’09: A Good Year for Debt Consolidators, Cell Phones

You can tell a lot about what kind of year 2009 was just by looking at who increased and decreased ad spending the most.

For instance, a company called the National Mortgage Center, which claims to help consumers avoid foreclosures, boosted its ad spend to $17.2 million from about $40,000 in 2008, a 430-fold increase. Money4Gold  also logged a big jump in ad spending, as did Freedom Financial Network, a marketer that purports to help consumers manage their debt.

The big decreasers? The entire real estate category and anyone selling mutual funds.

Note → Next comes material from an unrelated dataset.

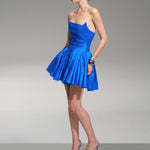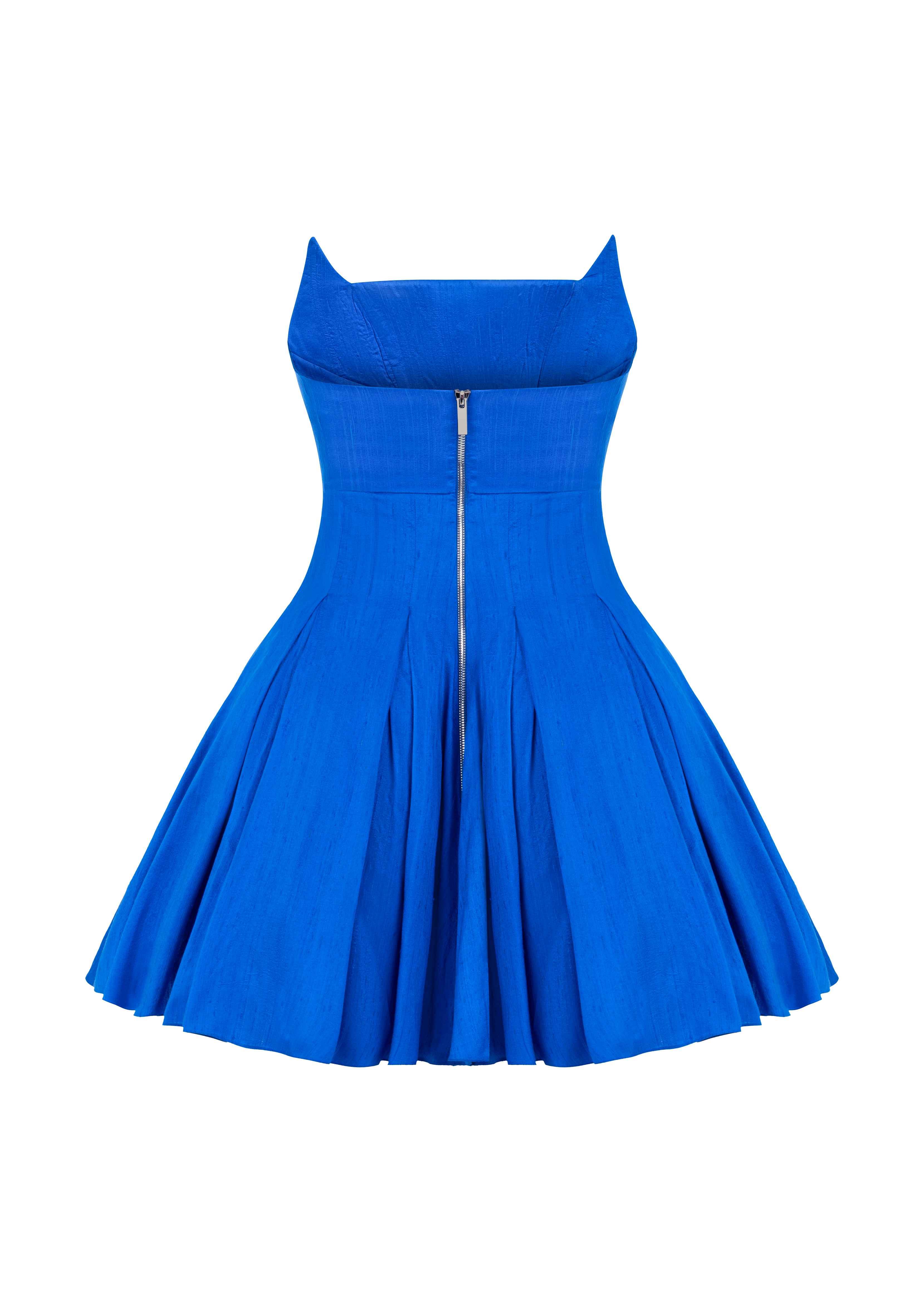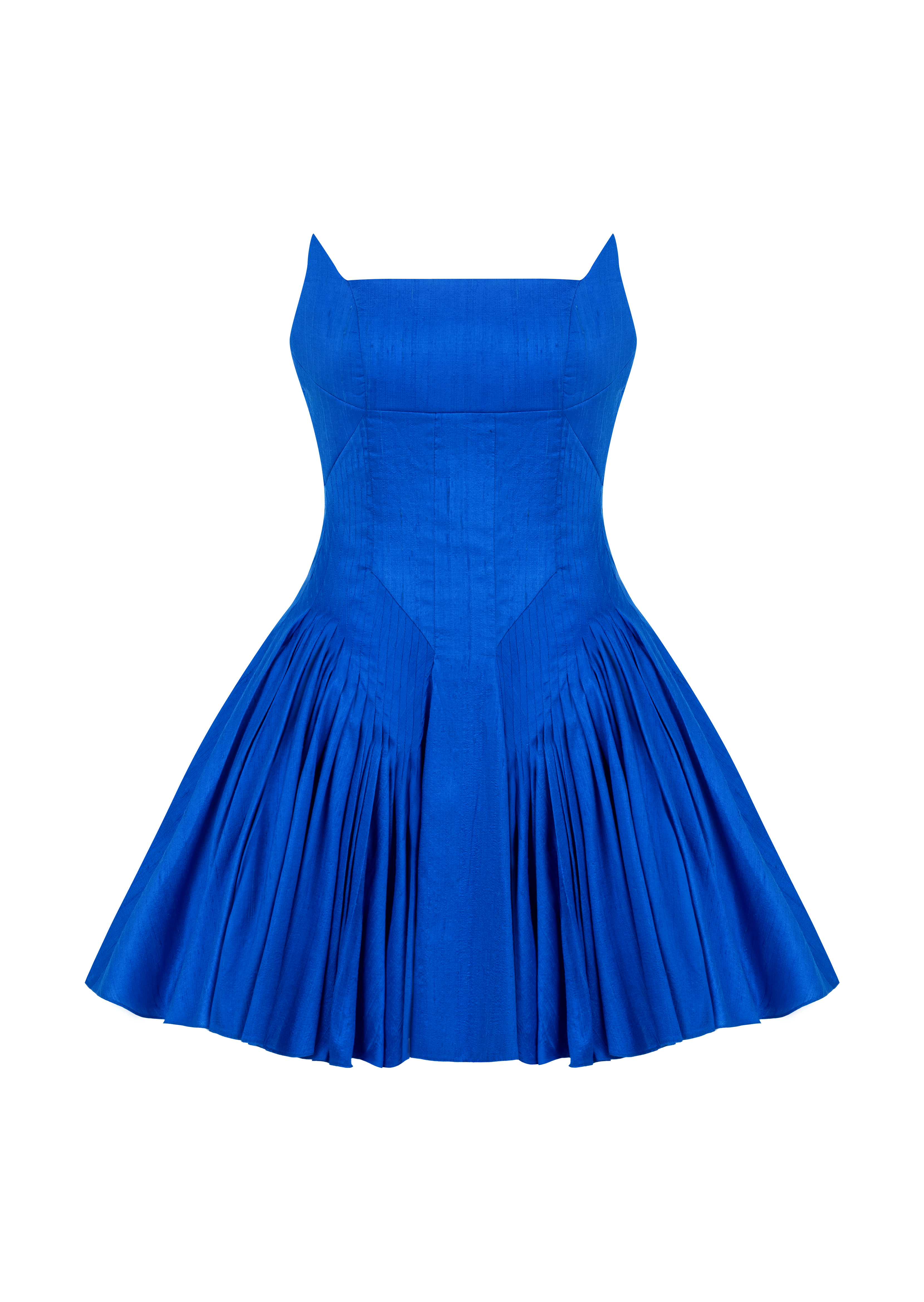 The Camille dress stands out with its bright colour and light, flattering shape. The structured bodice and flowing skirt create a look that feels modern yet effortless. Easy to wear and eye-catching, it’s made for moments that call for a touch of shine.

The data, released by the Nielsen Co. this month, connect the dots for a year in which overall U.S. advertising spending fell 9 percent, to $117 billion. But that estimate was actually better than originally predicted. For the first half of 2009, spending was down 15.4 percent over the same period in 2008. Things picked up considerably in the fourth quarter. (Nielsen’s estimates don’t include online ad spending. According to the Interactive Advertising Bureau, such spending was estimated at $10.9 billion, a 5.3 percent decline from the same period in the previous year. The IAB’s full-year 2009 figures aren’t out yet.)

The softness at the beginning of the year is one reason why there were so many new direct response advertisers like Cash4Gold, said Sam Catanese, chief executive of the Infomercial Monitoring Service of Broomall, Pa. Catanese said that since so many major advertisers pulled back on spending in early 2009, there was a lot of cheap TV airtime. “The first quarter was strong,” Catanese said, referring to 2009. But Catanese added that in each subsequent quarter, rates went up again, and time became scarcer. As for 2010: “Q1 seems to be strong again. I feel we’ll be up and swinging.”

Obviously, those that did drop cash on ads didn’t spend enough to make up for a shortfall left by major categories like autos, which cut its spending 23.4 percent to $8 billion in 2009, per Nielsen. In fact, even total spending for direct response fell 4.5 percent during the year, to $2.5 billion.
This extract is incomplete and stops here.